У подножия уезда Линби, в округе Сюйчжоу, по глинистой дороге цвета охры, идущей от городских ворот, шагал молодой человек с тяжёлой ношей за спиной.
На голове у него был надет широкий конический головной убор — такой обычно носят дровосеки в горах. Козырёк низко заслонял лицо, оставляя видимой лишь нижнюю часть, но и этого хватало, чтобы заметить: лицо у него было красивое.
Ростом он был высок, с широкой грудью и крепкой спиной, телосложение мощное, суставы крупные, но движения удивительно плавные и гибкие. Даже неся за плечами увесистую поклажу, он шёл с ровным, твёрдым шагом — будто и не нёс ничего вовсе.
Одежда на нём была старая, но выстирана дочиста. На протёртых локтях — аккуратные заплаты, наложенные мелким, ровным стежком: видно, в доме у него есть женщина, умеющая держать иглу.
Это был Би Чжи.
Он и Да Цяо уже обосновались в охотничьей деревне у подножия гор. С лёгкой подачи старого Вана он быстро стал отличным охотником. В мясе недостатка не было, но за зерном, солью и другим необходимым приходилось спускаться в город.
Сегодня утром, ещё затемно, когда били в четвёртый барабан, он вышел из гор с мешком выделанных ранее шкур. На рынке выменял их на мешок свежего проса, что теперь нёс на плече.
Если бы он согласился на старое зерно, ему бы добавили ещё добрую доу сверху. Но Би Чжи было всё равно.
Он мог есть и кору, и листья — спокойно, не сморщившись, если бы действительно почувствовал голод.
Но он выбрал свежее зерно.
Он просто хотел, чтобы Да Цяо, привыкшая к белому рису, к тонко нарезанным деликатесам, ела как можно лучше. В горах зверья хоть отбавляй, у него самого — силы не убавится. Один мешок свежего проса стоил всего лишь пары-тройки шкур. Для него это была ерунда.
На днях ему повезло: попалась лисица с редким мехом — ровным, густым, с живым блеском. Он хотел было сам выделать шкуру и отложить до зимы, чтобы Да Цяо носила… Но та отказалась. Сказала — отнеси и продай.

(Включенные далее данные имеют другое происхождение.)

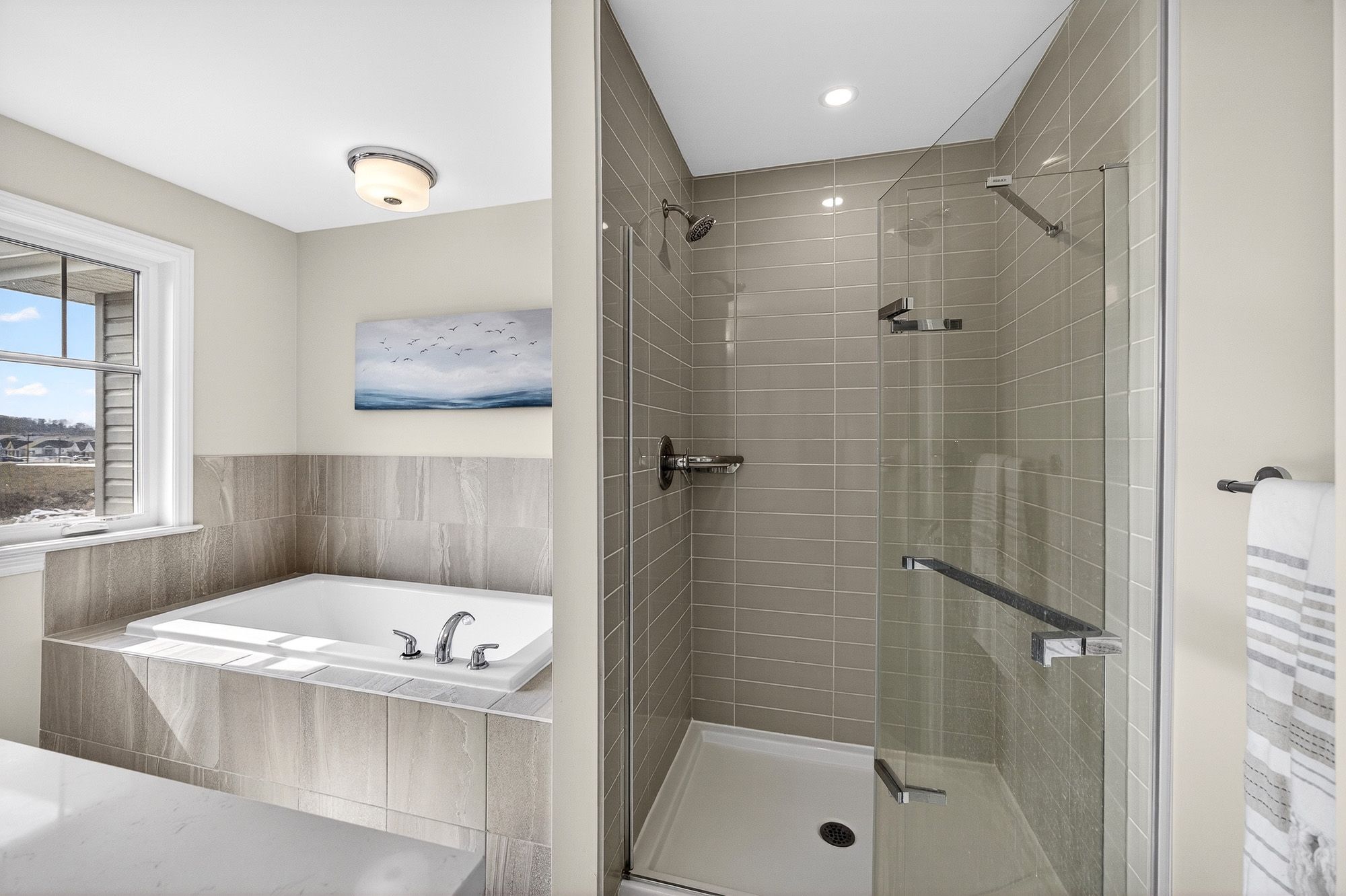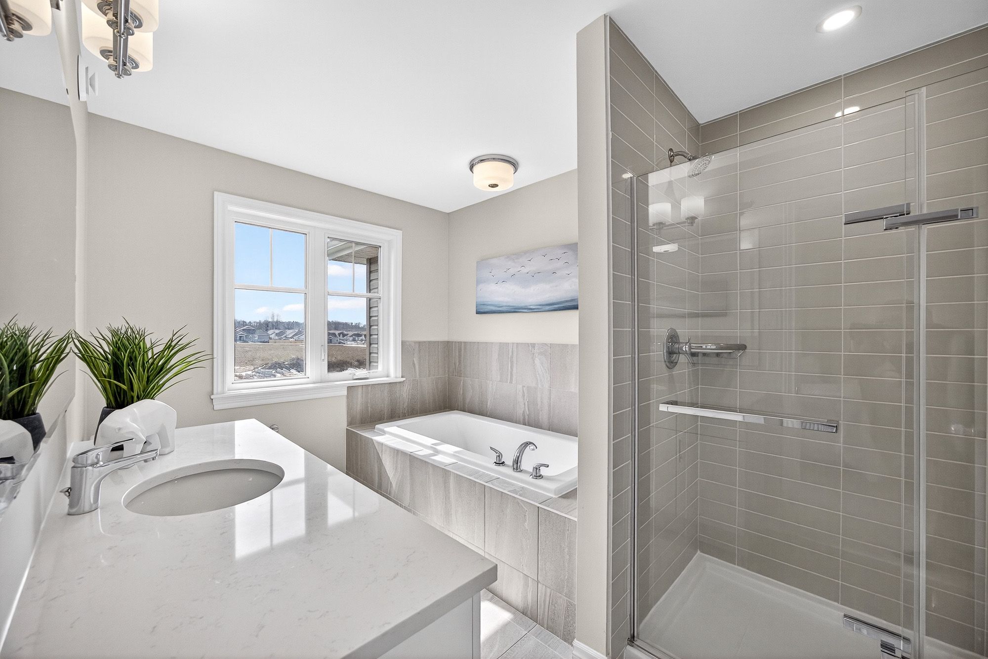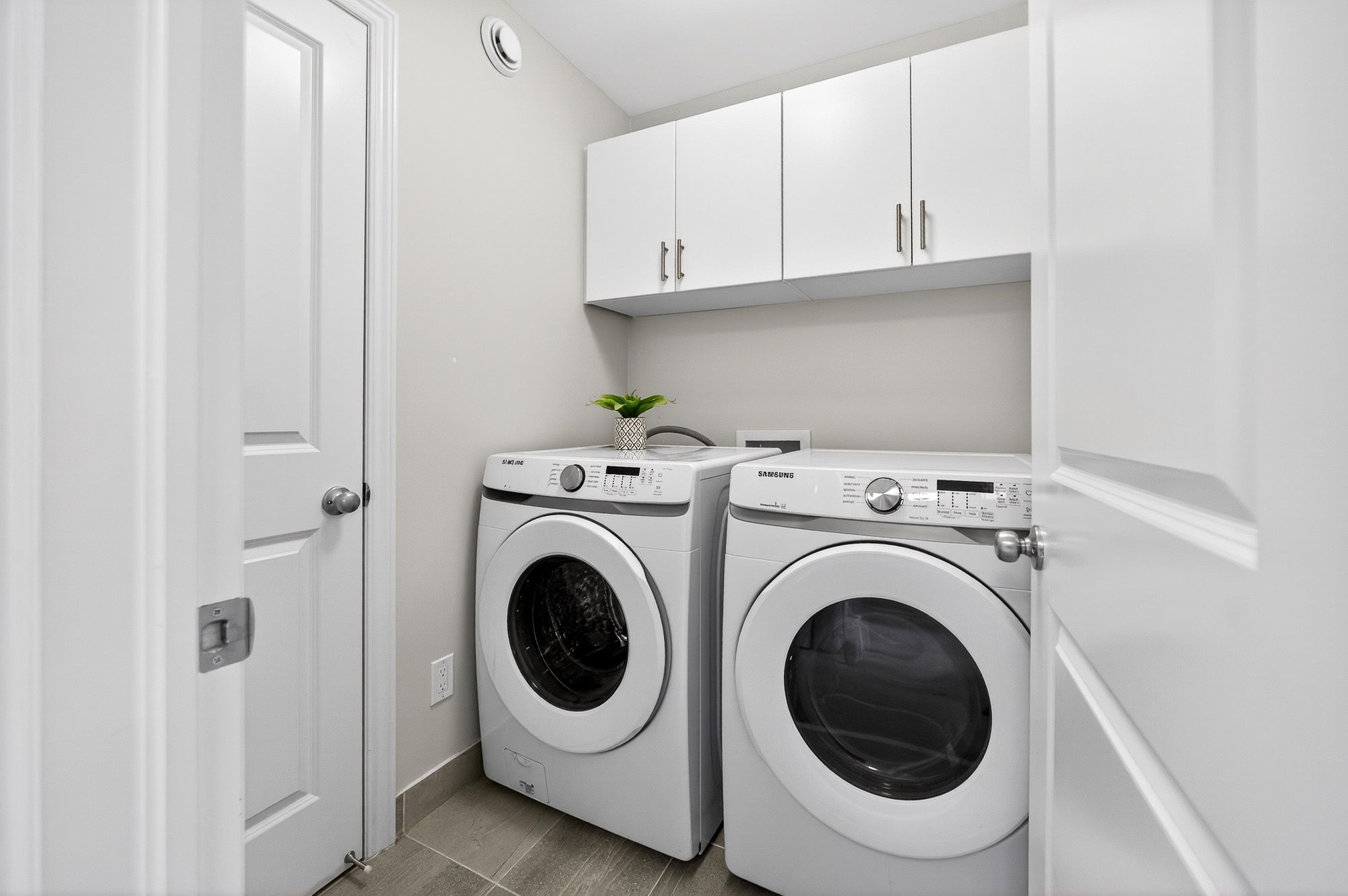 • Modern kitchen with quartz countertops and walk-in pantry for convenience.

Он и послушался. С утра продал, и, когда осталась мелочь, без раздумий взял ей несколько аршин ткани — просто так, между делом.
Вернётся домой — она наверняка опять его пожурит.

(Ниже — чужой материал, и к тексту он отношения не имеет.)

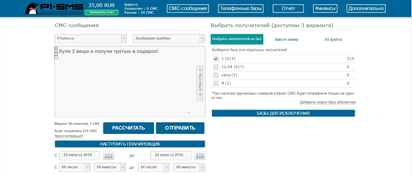 P1SMS — сервис, который давно работает на рынке SMS-рассылок и в какой-то момент добавил поддержку мессенджеров, в том числе MAX. Это делает его понятным выбором для тех, кто уже использует платформу для SMS и хочет расширить коммуникации.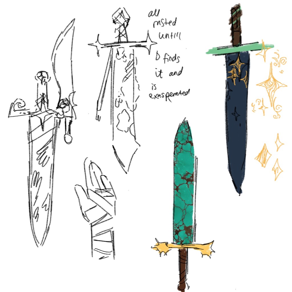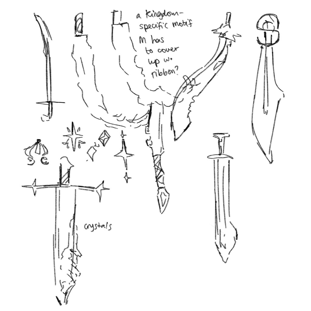 But you can see I didn’t know what the sword looked like, and this sword happens to be a priceless royal heirloom of mysterious origin that can talk (but only to people of the royal bloodline). So… its design was pretty frickin important. The task of the day changed! We begin to design swords!

Но Би Чжи… он даже ждал этого. Ему нравилось, когда она его ругает.
До деревни оставалось ещё более двадцати ли. Би Чжи взглянул на заходящее солнце, клонившееся к западу, и, опасаясь, что вернётся слишком поздно и Да Цяо начнёт волноваться, ускорил шаг.
И как раз в этот момент навстречу ему появилась колонна.

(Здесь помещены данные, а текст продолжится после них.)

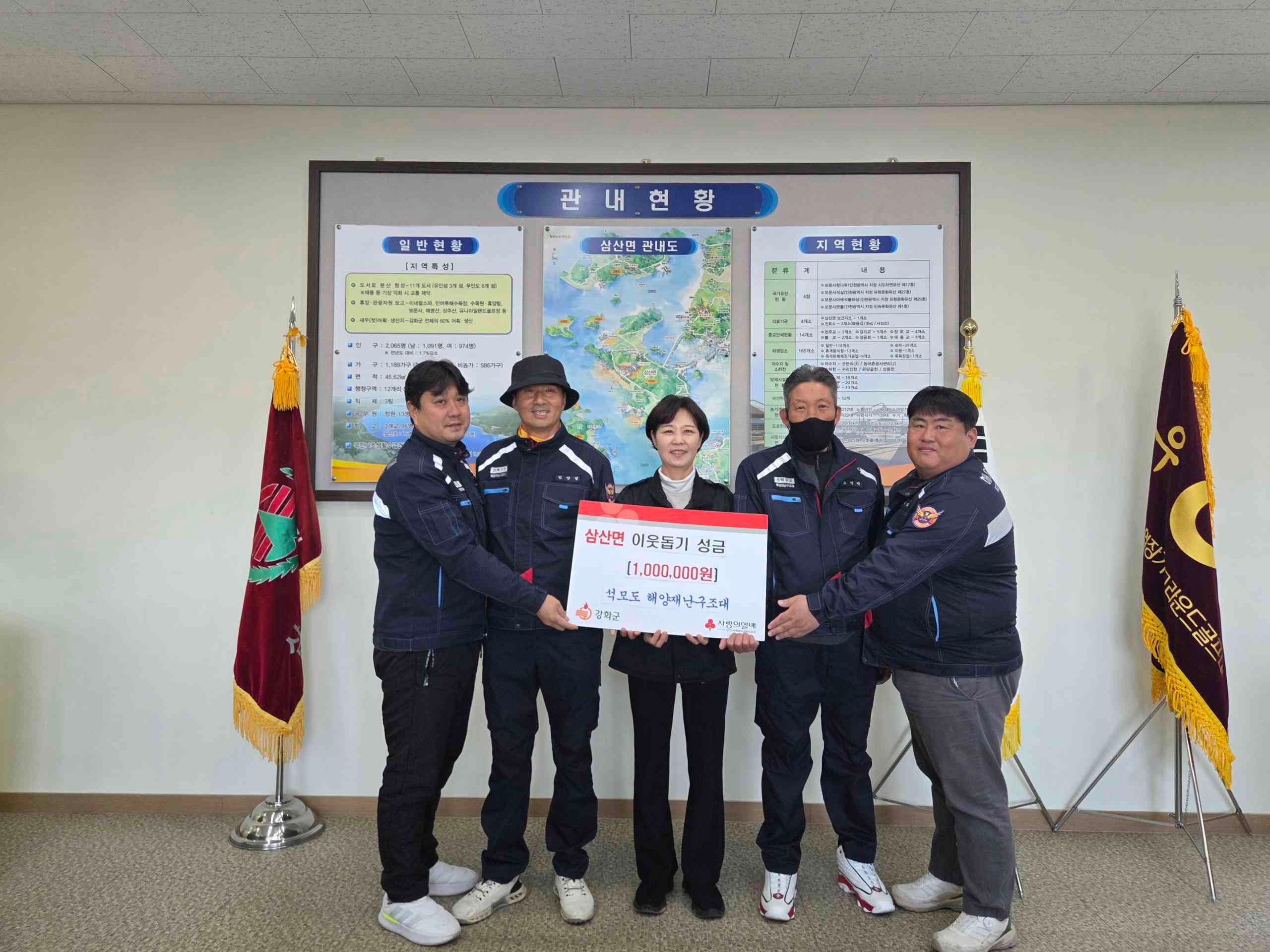 강화군 삼산면(면장 고영자)은 지난 22일, 석모도 해양재난구조대(부장 김상열)에서 이웃을 위한 성금 100만 원을 전달하며 지역사회를 위한 따뜻한 손길을 이어가고 있다고 밝혔다.

С десяток солдат в бурых мундирах, с мечами на поясе и копьями в руках, гнали связанную верёвками цепочку людей. Они медленно двигались в сторону уездного города. Впереди, верхом, ехал, видимо, старший — командир отряда.
В связанной толпе были только мужчины. Среди них — не только крепкие взрослые, но и седобородые старики, и несколько худеньких мальчишек, которым от силы было лет по восемь-девять.
— Милостивый воин, пощади, отпусти старика… Мне ведь уже скоро пятьдесят — куда мне в солдаты?.. — умоляюще запричитал один старик, которого солдат сзади подгонял остриём копья.
— В списках значится, что у тебя трое сыновей, — отрезал солдат. — А на службу никто не явился. Явно дезертиры. Раз сыновья не пришли — отец идёт за них. Закон есть закон!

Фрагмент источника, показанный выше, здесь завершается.